Дикий смальтовый фарс

упирается в контрфорс

и стихает,

и стекает вниз по колоннам.

А полгода спустя, измотавшись, окоченев,

человечек снующий,

пробитый хандрой навылет,

замирает в метро,

вдруг заметив центральный неф,

и вагоны, зачем-то вплывшие в боковые.

Что ты знаешь о смелости,

мой беспокойный друг?

Ездил в детстве без рук, носил в кулачке мокрицу?
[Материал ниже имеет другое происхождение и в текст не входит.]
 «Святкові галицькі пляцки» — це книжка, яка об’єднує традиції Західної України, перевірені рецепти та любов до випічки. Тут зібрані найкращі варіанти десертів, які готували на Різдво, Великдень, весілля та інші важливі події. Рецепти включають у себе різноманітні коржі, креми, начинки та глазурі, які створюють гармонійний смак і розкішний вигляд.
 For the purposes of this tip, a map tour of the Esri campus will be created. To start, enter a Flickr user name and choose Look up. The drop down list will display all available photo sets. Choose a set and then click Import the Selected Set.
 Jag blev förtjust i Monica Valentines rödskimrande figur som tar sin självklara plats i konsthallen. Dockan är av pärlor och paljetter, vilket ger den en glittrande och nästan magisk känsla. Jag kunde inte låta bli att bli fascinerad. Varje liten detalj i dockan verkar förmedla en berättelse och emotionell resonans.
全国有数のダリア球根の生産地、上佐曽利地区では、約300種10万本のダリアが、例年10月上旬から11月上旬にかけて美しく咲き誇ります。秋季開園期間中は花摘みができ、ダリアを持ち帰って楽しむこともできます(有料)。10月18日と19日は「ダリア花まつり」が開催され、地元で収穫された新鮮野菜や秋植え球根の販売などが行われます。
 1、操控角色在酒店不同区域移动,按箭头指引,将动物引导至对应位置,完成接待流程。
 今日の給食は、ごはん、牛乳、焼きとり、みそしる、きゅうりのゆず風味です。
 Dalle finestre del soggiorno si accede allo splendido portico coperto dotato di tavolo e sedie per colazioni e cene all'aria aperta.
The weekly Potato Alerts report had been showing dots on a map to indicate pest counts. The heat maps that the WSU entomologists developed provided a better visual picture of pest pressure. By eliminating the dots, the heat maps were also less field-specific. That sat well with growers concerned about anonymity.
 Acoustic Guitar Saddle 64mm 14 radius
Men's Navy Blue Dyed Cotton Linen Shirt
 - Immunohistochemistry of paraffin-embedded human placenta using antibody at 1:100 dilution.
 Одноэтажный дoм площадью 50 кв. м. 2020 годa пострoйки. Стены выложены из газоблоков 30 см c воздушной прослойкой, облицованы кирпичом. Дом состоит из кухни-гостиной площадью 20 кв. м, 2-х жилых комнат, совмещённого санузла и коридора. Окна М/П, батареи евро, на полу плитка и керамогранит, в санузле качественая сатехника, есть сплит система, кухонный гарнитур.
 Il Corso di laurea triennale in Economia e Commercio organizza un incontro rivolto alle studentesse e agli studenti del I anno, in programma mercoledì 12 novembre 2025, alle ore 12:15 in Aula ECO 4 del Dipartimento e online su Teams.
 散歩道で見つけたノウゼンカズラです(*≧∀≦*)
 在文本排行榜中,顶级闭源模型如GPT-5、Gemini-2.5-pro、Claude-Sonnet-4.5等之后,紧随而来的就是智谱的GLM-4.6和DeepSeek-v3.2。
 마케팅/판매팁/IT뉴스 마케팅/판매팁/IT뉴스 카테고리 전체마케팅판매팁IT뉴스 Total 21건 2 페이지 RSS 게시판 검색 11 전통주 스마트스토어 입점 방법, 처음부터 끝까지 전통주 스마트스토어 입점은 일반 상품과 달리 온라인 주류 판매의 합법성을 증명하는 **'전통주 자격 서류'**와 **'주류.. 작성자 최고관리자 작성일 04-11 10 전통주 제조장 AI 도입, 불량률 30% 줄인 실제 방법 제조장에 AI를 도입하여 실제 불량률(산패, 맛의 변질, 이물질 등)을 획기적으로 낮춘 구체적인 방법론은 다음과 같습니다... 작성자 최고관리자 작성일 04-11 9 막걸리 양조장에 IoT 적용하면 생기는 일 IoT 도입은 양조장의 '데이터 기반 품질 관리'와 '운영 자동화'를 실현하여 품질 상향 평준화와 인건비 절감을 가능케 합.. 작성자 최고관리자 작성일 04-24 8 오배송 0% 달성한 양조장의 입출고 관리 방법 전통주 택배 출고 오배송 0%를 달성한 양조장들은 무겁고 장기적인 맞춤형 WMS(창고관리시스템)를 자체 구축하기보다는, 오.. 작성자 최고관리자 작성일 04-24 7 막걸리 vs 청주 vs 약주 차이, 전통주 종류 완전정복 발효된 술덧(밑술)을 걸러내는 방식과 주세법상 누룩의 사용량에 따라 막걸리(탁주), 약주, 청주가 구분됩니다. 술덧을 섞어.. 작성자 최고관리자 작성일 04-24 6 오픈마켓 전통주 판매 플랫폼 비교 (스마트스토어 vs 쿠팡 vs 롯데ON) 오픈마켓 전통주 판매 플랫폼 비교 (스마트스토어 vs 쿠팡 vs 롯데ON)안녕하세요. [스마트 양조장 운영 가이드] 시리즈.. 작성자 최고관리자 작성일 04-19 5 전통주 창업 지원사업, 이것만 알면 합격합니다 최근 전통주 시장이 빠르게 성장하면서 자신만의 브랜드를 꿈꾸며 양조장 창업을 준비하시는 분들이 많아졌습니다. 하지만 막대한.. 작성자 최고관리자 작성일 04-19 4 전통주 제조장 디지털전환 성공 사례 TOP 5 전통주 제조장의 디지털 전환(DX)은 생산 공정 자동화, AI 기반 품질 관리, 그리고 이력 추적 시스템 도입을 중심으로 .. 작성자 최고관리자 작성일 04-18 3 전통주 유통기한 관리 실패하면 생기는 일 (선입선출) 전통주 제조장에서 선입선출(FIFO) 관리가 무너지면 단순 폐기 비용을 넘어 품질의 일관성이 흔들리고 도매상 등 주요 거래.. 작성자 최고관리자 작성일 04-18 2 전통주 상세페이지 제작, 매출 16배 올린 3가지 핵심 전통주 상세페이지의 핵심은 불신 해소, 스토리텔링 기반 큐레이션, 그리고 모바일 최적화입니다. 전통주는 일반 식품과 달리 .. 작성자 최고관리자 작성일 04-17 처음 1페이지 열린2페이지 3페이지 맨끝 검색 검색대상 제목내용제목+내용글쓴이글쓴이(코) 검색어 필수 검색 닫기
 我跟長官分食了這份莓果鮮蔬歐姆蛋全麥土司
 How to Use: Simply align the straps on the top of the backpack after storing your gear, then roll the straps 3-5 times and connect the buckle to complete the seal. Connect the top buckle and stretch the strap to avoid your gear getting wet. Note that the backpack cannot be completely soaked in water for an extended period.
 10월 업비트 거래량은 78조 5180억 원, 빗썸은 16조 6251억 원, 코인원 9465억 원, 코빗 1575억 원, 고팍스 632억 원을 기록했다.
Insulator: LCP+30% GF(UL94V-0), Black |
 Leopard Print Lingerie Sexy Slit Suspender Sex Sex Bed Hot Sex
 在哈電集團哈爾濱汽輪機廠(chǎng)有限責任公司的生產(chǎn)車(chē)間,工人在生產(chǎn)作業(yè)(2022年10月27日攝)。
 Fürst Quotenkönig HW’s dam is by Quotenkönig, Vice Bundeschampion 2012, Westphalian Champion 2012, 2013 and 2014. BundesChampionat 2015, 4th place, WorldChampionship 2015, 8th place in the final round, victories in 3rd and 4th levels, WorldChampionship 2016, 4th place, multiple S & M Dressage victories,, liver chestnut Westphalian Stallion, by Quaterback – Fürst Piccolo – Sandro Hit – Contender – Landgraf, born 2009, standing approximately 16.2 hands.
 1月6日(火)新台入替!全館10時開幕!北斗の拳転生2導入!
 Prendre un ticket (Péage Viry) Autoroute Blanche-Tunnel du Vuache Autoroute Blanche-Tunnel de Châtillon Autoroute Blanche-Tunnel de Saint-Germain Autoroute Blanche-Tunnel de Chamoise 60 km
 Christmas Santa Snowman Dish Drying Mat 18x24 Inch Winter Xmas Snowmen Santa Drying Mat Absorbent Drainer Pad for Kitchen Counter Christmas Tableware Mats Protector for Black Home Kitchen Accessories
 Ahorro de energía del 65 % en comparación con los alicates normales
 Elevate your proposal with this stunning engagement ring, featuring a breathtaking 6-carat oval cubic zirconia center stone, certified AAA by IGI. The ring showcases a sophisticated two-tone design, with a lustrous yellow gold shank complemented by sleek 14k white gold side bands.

Человечек не спит, слоняется, и к утру

принимает решение всем до конца открыться.

Холодея, строчит

в каждый ящик и каждый чат,

слой за слоем сдирает корки, снимает плёнки,

извлекая на волю вопящих внутри галчат,

продвигаясь назад

от пенсии до продлёнки.  

Человечку было не страшно, глаза прикрыв,

шить рубашку на вырост,

лежать у крыльца на выброс

и не знать до поры,

что он — задремавший взрыв,

а нелепая исповедь — вирус.

Мешковатый подросток, пятнистый, как леопард,

тихо входит на сцену,

читает первую строчку.

Зеленеющий клерк выбегает в соседний парк

покататься в опавших листьях,

порвать сорочку.

Совесть цеха уходит вечером с проходной,

утром пишет из поезда,

мол, не ищите, братцы.  

Спавший сотню ночей и не помнящий ни одной

без кошмара,

вздыхает, идёт сдаваться.

И, впервые за жизнь проснувшаяся легко,

фея барных соломинок,

жрица модного края

покидает жилище без грима и каблуков,

от своей неожиданной дерзости обмирая.

Мы выходим на площадь, замерзшая детвора

в идиотских шапках, с малиновыми носами.

Ни отваги топтаться,

ни доблести проиграть —

только писк обреченной искренности.

Часами

мотыльково клубимся, зная — уйдем ни с чем,

и на этот раз, и на следующий.

Но скоро,

скоро нами пальнёт земля,

прицелившись половчей,

чтобы с мясом вырвать засовы,

выбить засоры,

чтобы сбросить уже врунишек и палачей.

Будет морем смеха, шутихой, свирепым танцем

то, что было ручьем речей.

Посшибает, как кегли,

витрины в коронном зале.

Это я говорю — говоритель.

Всё будет так.

Если кто-то внезапно отпер глаза и замер

от укола прекрасного —

это надежный знак.

Сигареты

Потерпите, будет сумбурно,

но это на первый взгляд.

Я беру сигареты в ларьке, года три назад,

(«Лаки страйк», если вам интересно,

если нет — всё равно «Лаки страйк»).

Продавщица с гладким таким лицом,

ну чистый Ван Эйк,

суёт мне лишнюю сдачу, и, поскольку я возражаю,

говорит: Эта пачка дешевле — она

прошлогоднего урожая.

Крупный план, балкон, роняю чинарик,

он слетает вниз, как звезда,

в волны трассы Смородины, уносящей огни.

Если всё и дальше пойдёт по плану,

и я буду жить всегда —

я вас всех всё равно потеряю,

одного за одним.

Вот она говорит мне «давай покурим»,

пока мы идём домой,

потому что решила вдруг

наладить контакт.

Но от первой затяжки кашляет «Боже мой,

у тебя всё время такие крепкие?»

И я отвечаю «Да».

У меня вообще всё крепкое, мама:

и лоб, и город, и ритм

вроде целы, хотя и падают без конца.

Только люди непрочные,

плюнул — плачет, поджёг — горит,

отвернулся — сорока стащила, несет птенцам.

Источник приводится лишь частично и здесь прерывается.